= Bichang (official) =

Qing dynasty official

Bichang (壁昌 or 璧昌, died 1854) of the Mongol Eledete clan, courtesy name Dongyuan (東垣) and art name Xingquan (星泉), was a Qing dynasty official who served first in high-ranking posts in Xinjiang and later as Viceroy of Liangjiang under the Daoguang Emperor. He was also a writer, an accomplished poet, and a painter. His posthumous name was Qinxiang (勤襄).

He was an ethnic Mongol of the Bordered Yellow Banner; both his father Heying and his son Hengfu were also important Qing officials.

==Early career==
The son of minister Heying, Bichang began his civil service career as a clerk (bithesi) in the Ministry of Works. He then served as the county magistrate first in Yangwu County (now Yuanyang County, Henan) and later in Zaoqiang County. He was subsequently promoted and became the prefect of Daming Prefecture.

==Northwest China==
In 1827, Bichang was dispatched to Southern Xinjiang with Nayancheng, the Viceroy of Zhili, following the defeat of Jahangir Khoja. His father Heying served there many years before, and Bichang was likely familiar with the area and its administration. In 1829, he was promoted to Top-Grade Imperial Guard (頭等侍衛) and Grand Minister Superintendent of Yarkant (葉爾羌辦事大臣). In 1830, Bichang successfully defended Yarkant during the Āfāqī Khoja Holy War. He later detailed his experiences in Shoubian Jiyao and Ye'erqiang Shoucheng Jilüe. In these works, Bichang stressed the importance of unity between the Hui Muslims and Han Chinese, which was achieved through propaganda by imams and Begs. He also talked about the unreliability of Kyrgyz allies and how he involved the Uyghur people in his army. Also critical to his success were careful fortification and monitoring, the tuntian system, moving markets to the inside of the cities, and the acquisition of all necessary weaponry and equipments.

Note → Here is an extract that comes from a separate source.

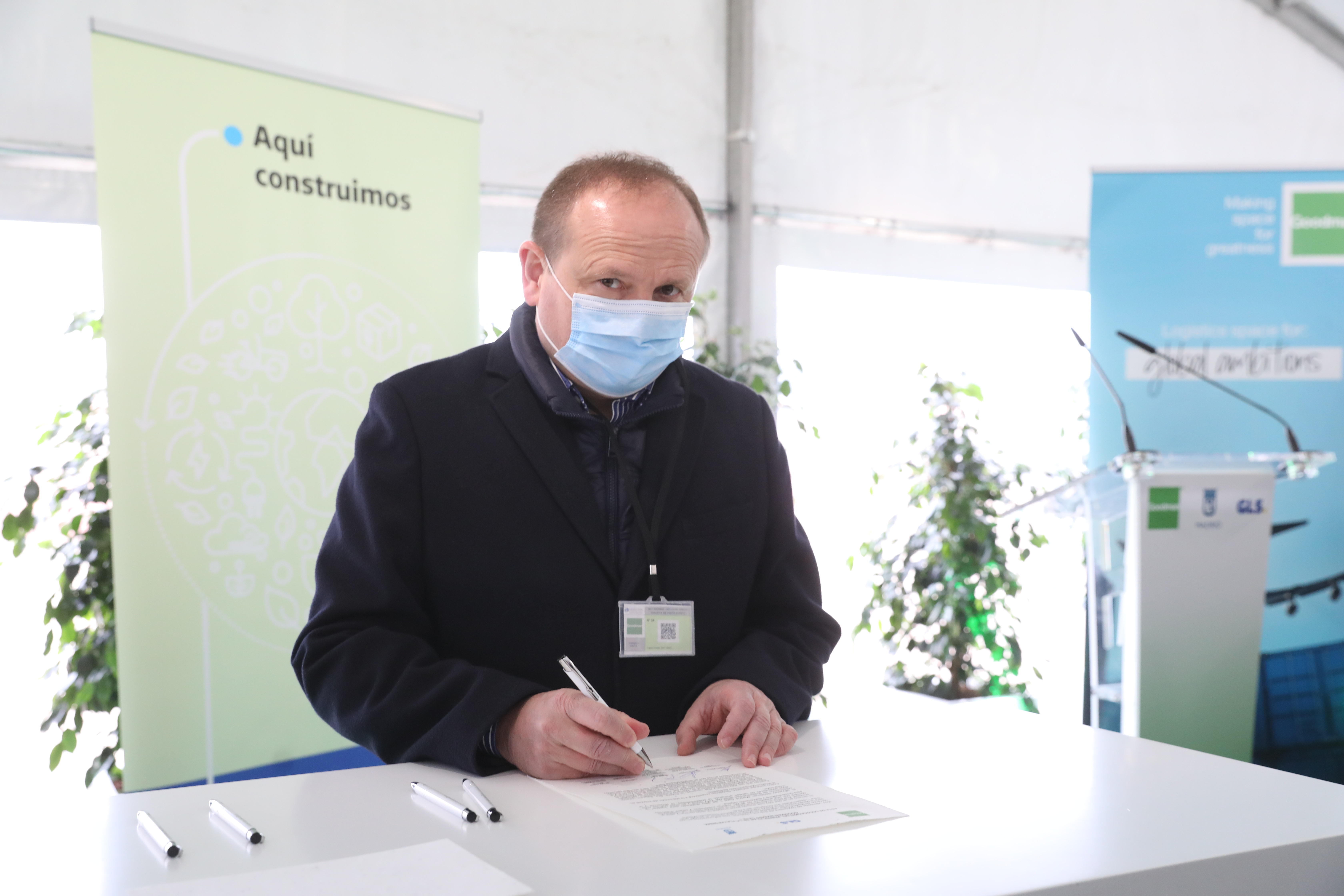 El primero de los tres edificios que conformarán este hub logístico ya está terminado y hoy se inicia la construcción de la segunda instalación, que albergará la sede central en la península ibérica del proveedor logístico multinacional GLS. Serán más de 33.000 m2 de superficie a tan solo diez minutos del centro de la ciudad y próximos al aeropuerto Adolfo Suárez Madrid-Barajas. /

In 1831, he became the Grand Minister Consultant of Kashgar (喀什噶爾參贊大臣), and later that year, the Grand Minister Consultant of Yarkant. He was recalled to Beijing in late 1832. In 1834, he became the Grand Minister Superintendent of Uqturpan. A few months later, he went to Liangzhou Prefecture (in Gansu) to serve as its Deputy Commander-in-Chief. He returned to Xinjiang in 1837, as Grand Minister Superintendent of Aksu. After a brief stint as Commander-in-Chief of Chahar, he became the Grand Minister Consultant of Ili in 1840, and the Governor of Shaanxi (陝西巡撫) in 1842.

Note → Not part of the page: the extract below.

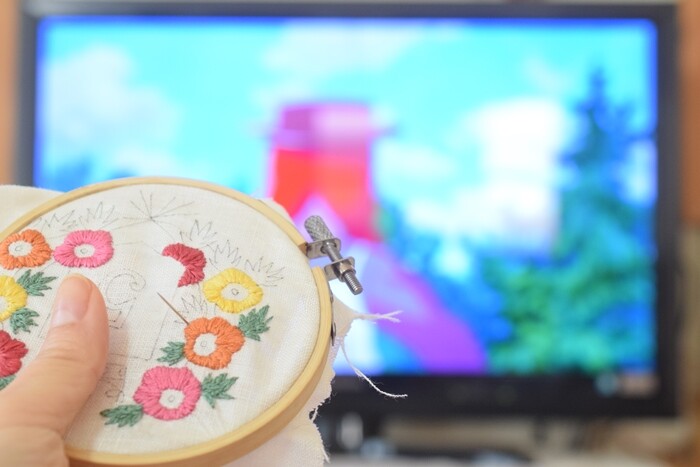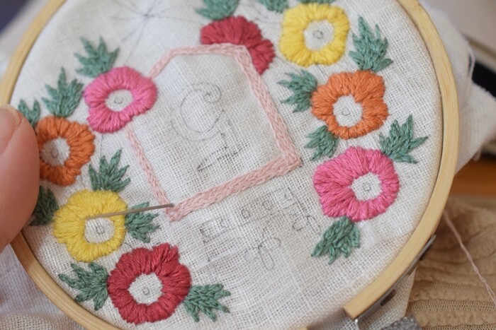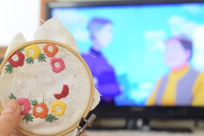 アンを見ながら、5月のエンブレムの刺繍をチクチクと進めています。

==Southeast China, retirement, and death==
In November 1842, he was sent to Fuzhou to serve as its Commander; two years later he became the Viceroy of Liangjiang, which he officially assumed in January 1845. He returned to Beijing in March 1847 and was appointed Grand Minister of the Imperial Household Department (内大臣) a month later. He returned to Fuzhou and stayed there until early 1849, when he retired to his banner due to an illness.

In 1853, as Taiping rebel's Northern Expedition approached Beijing, Bichang was appointed Grand Minister Inspector (巡防大臣) but he died a year later.

==Bibliography==
- Ye'erqiang Shoucheng Jilüe (葉爾羌守城紀略; "A Brief Account of Defending Cities in Yarkant", 1838)
- Shoubian Jiyao (守邊輯要; "A Summary of Guardding the Frontier", 1831), published in 1840 with sections added by his successor Ling Xiufeng (齡秀峰)
- Bingwu Jianwenlu (兵武見聞錄; "A Personal Account of the Military")
- Muling Yaojue (牧令要訣; "A Manual for Magistrates")
- Bi Qinxiang Gong Yishu (壁勤襄公遺書; "Posthumous Writings by Bichang, Lord Qinxiang")

Bichang's poetry collection, published as Bi Canshuai Shigao (壁參帥詩稿, "Poems by Bichang, the Consultant-Marshall") is now considered lost, but some of his poems on paintings have survived. He was also a known painter and could draw architectural diagrams.